SUPPLIED DATA:
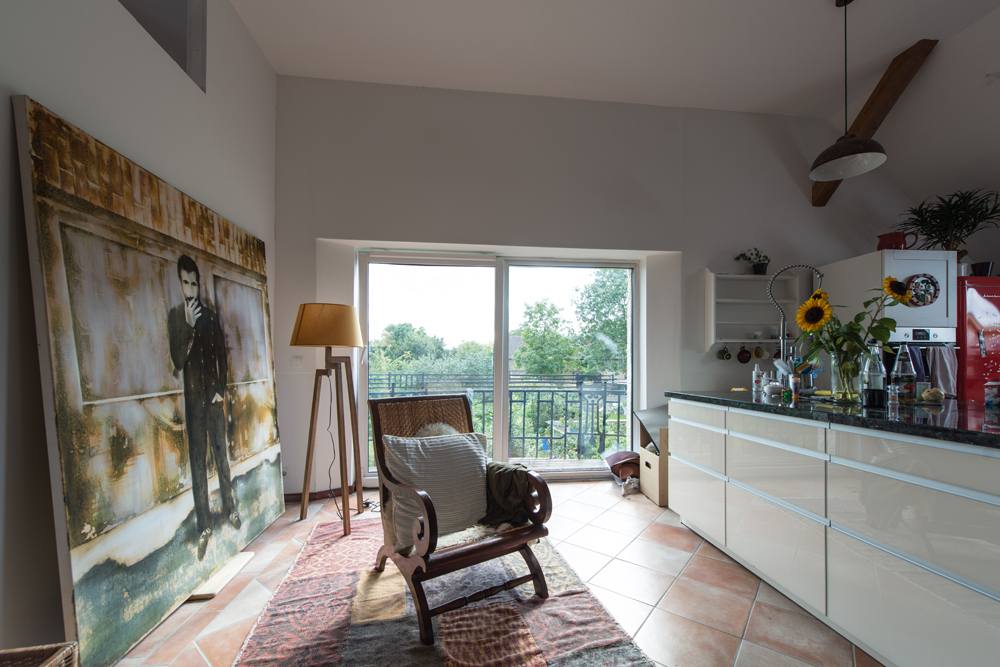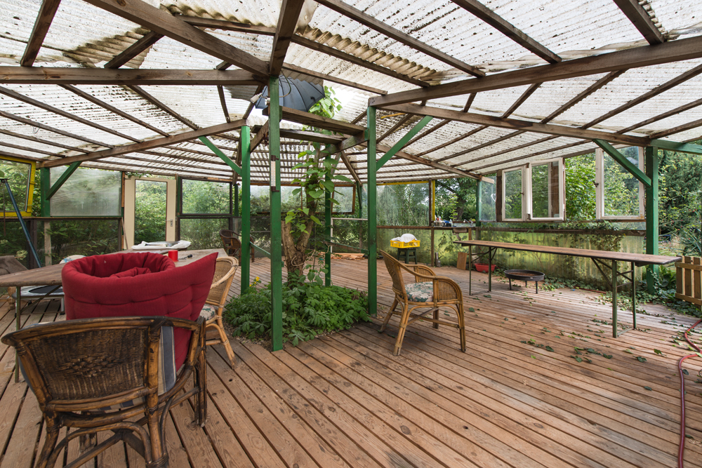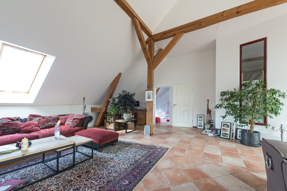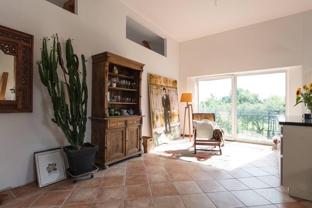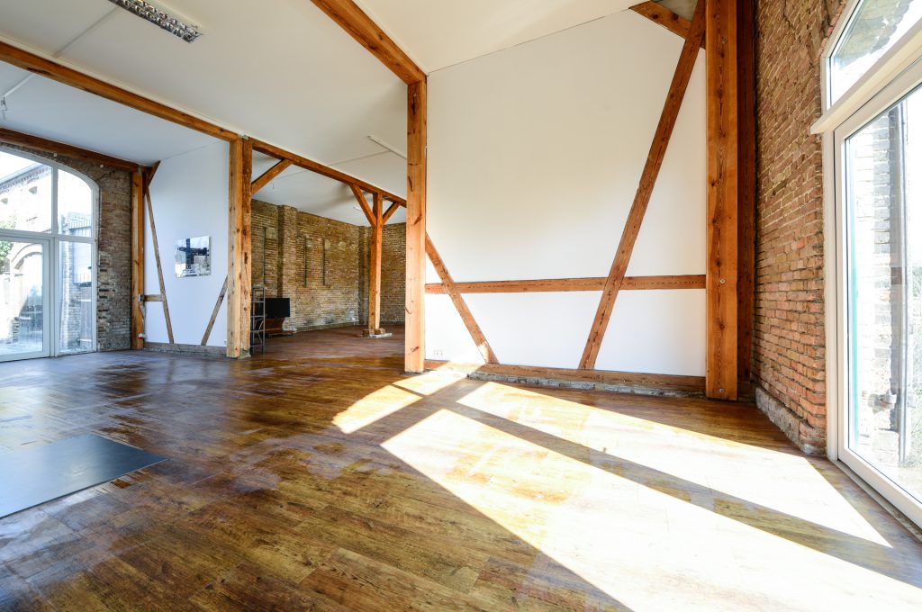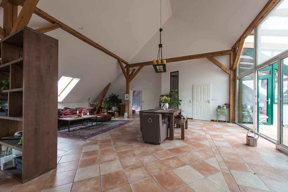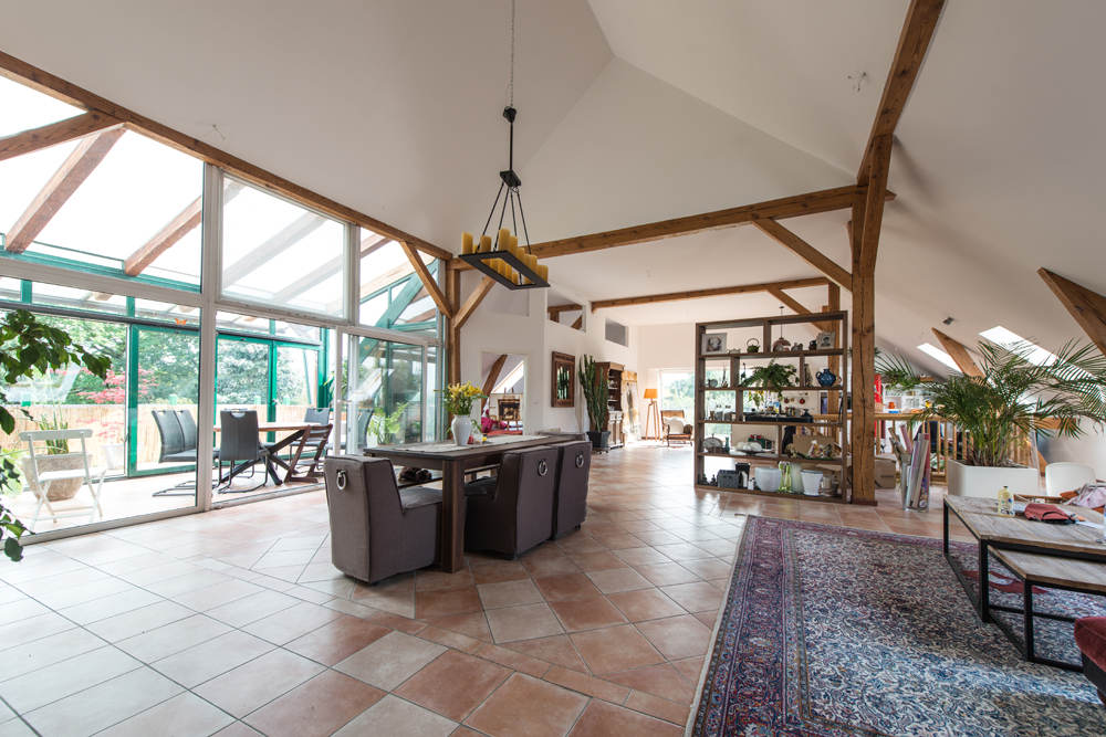 At ground level is the new room, 160sqm large with 5m high ceiling. Seating up to 25 people possible, in fine weather also in the garden. Organic catering and drinks can be ordered.
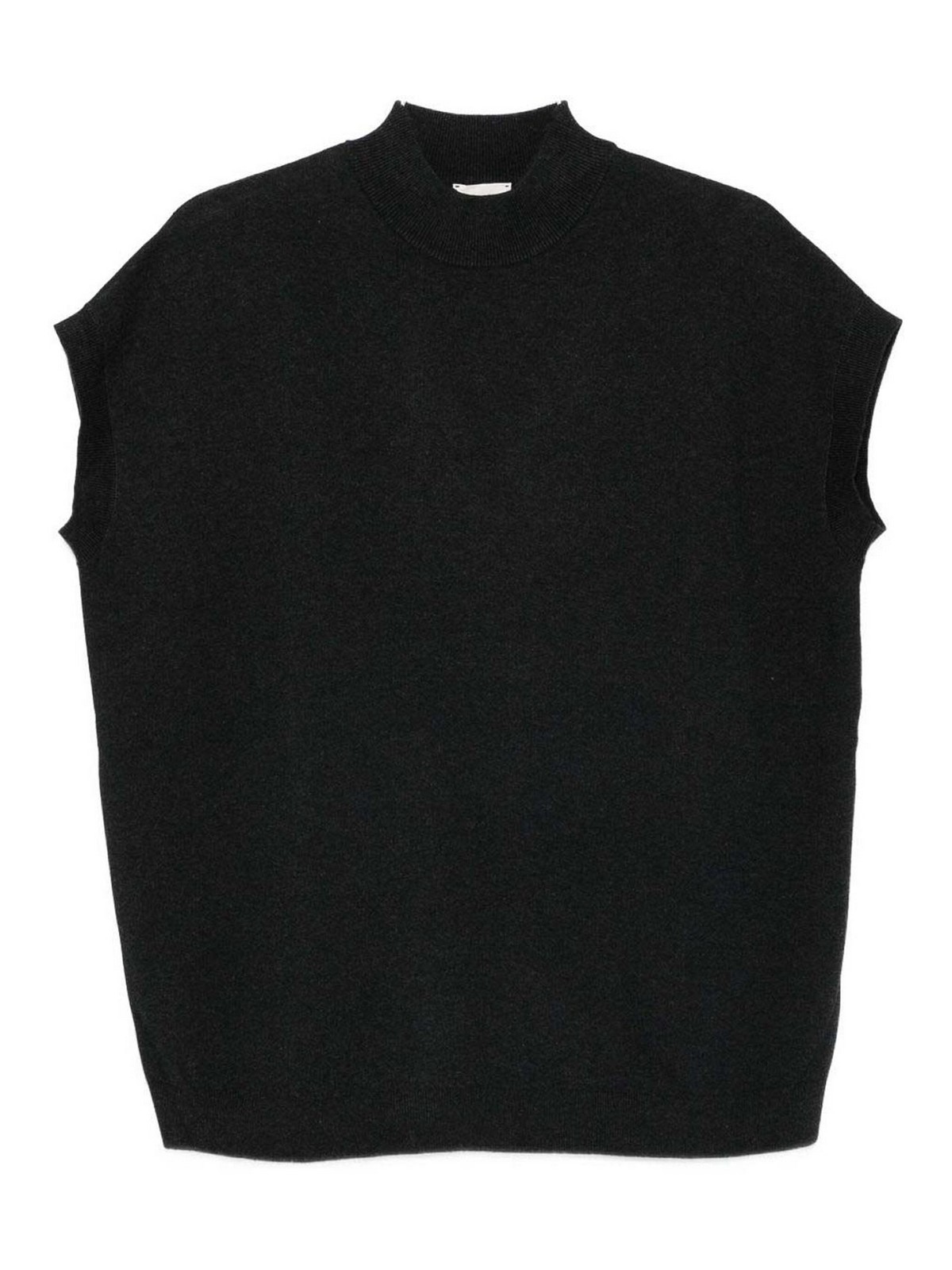 Schwarz, Stehkragen, Flügelärmel, gerader Saum
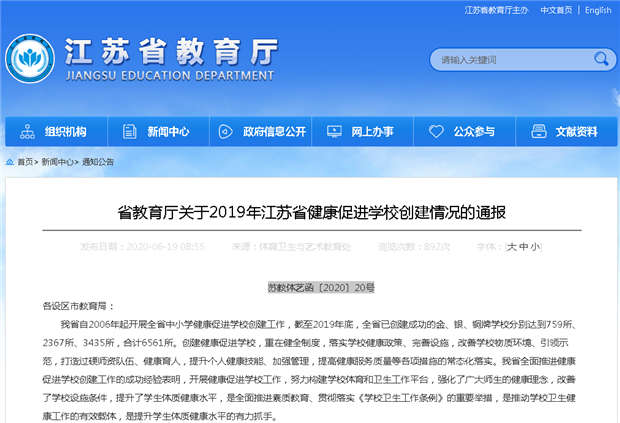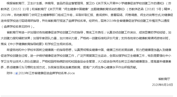 近日,从省教育厅发布的“关于2019 年江苏省健康促进学校创建情况的通报”(苏教体艺函〔2020〕20号)中获悉,罗溪中心小学成功获评“2019年江苏省健康促进金牌学校”。
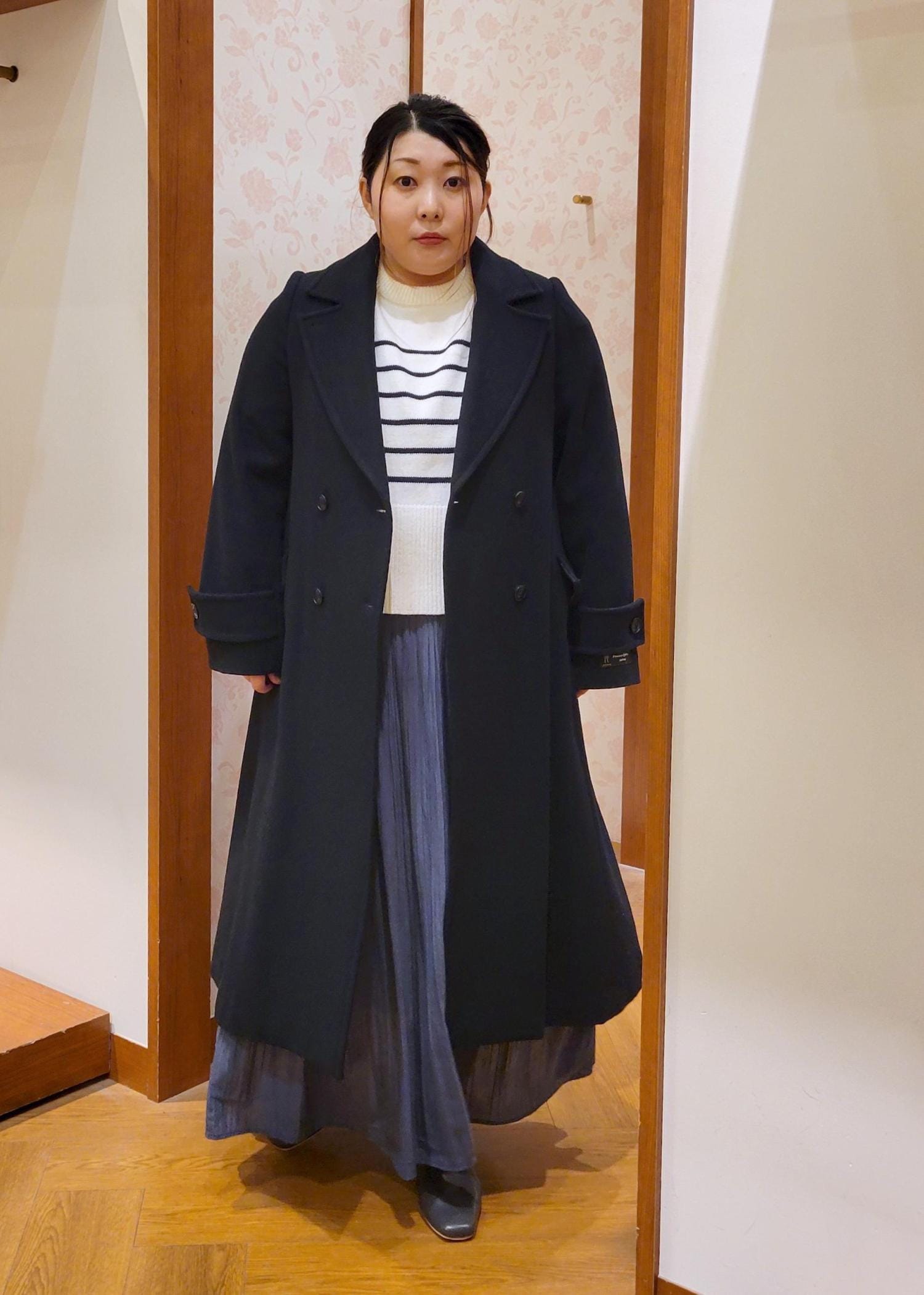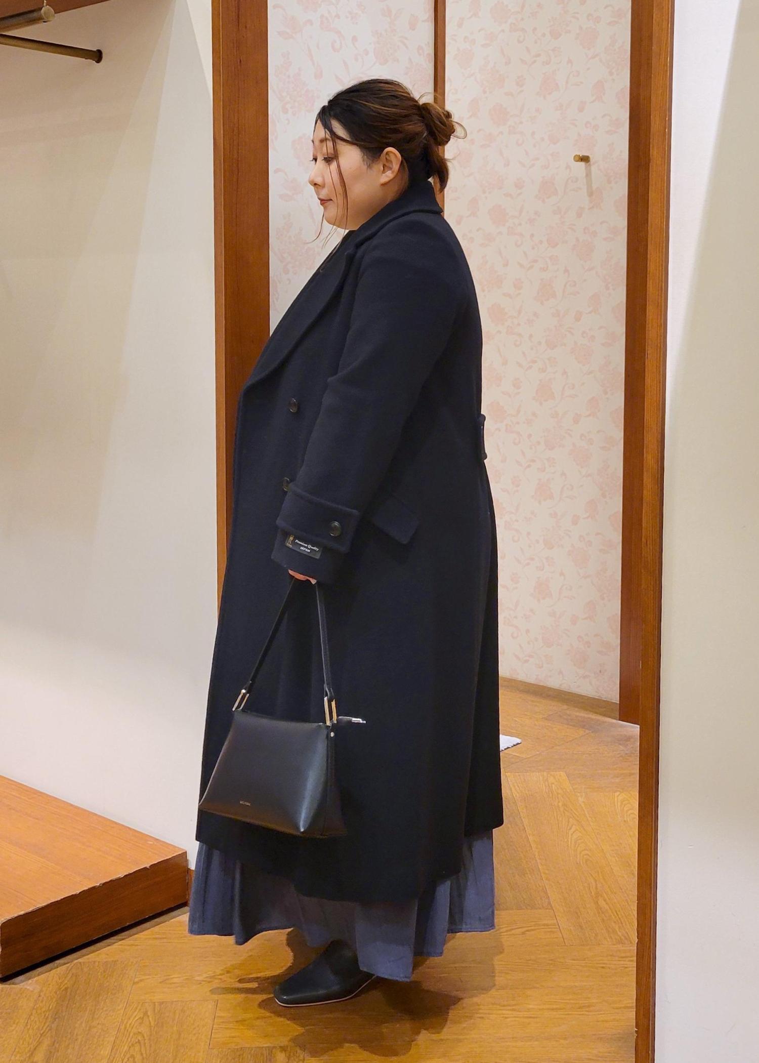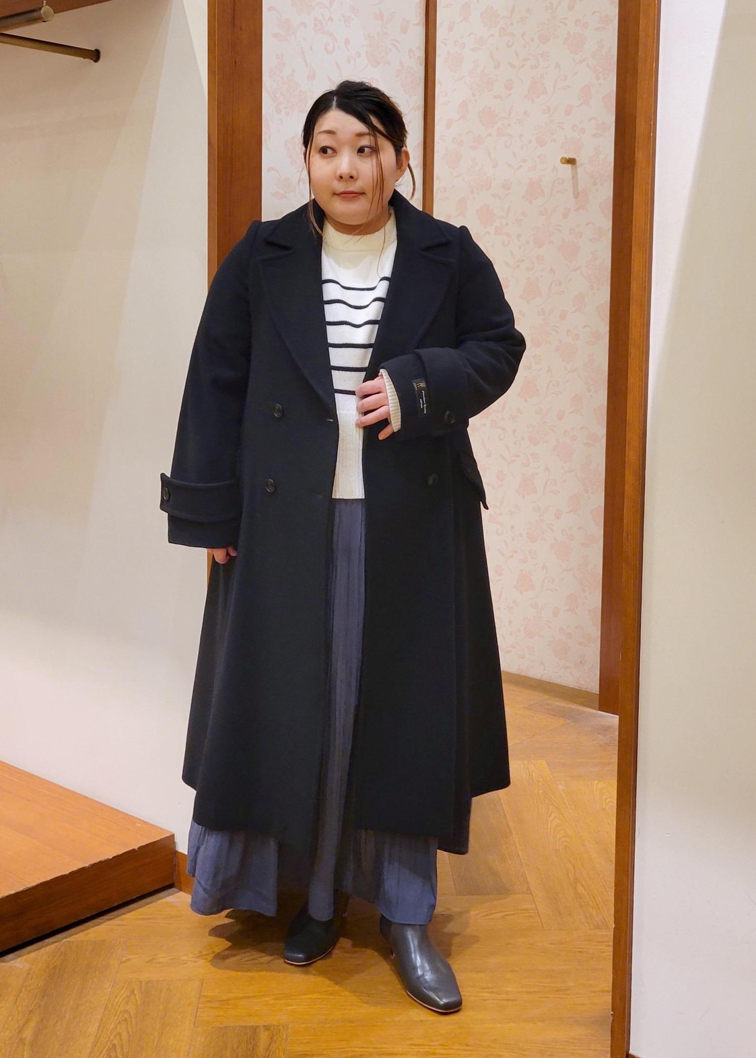 ROPÉ PICNICJAPAN FABRIC ダブルチェスターコート/一部WEB限定カラーブラック / F¥19,800レビュー普段Lサイズやフリーサイズを着用していますが、ニットを着てギリギリ着れるサイズ感で、コンパクトに感じました。上品なデザインなのでどんなシーンにも合います。

WHAT YOU HAVE TO DO: Your reply should hold only the lines running from the one with "Schwarz, Stehkragen, Flügelärmel, gerader" to the end of the data above, set down exactly, pictures omitted.

ANSWER TO THE PROBLEM:
 Schwarz, Stehkragen, Flügelärmel, gerader Saum
 近日,从省教育厅发布的“关于2019 年江苏省健康促进学校创建情况的通报”(苏教体艺函〔2020〕20号)中获悉,罗溪中心小学成功获评“2019年江苏省健康促进金牌学校”。
 ROPÉ PICNICJAPAN FABRIC ダブルチェスターコート/一部WEB限定カラーブラック / F¥19,800レビュー普段Lサイズやフリーサイズを着用していますが、ニットを着てギリギリ着れるサイズ感で、コンパクトに感じました。上品なデザインなのでどんなシーンにも合います。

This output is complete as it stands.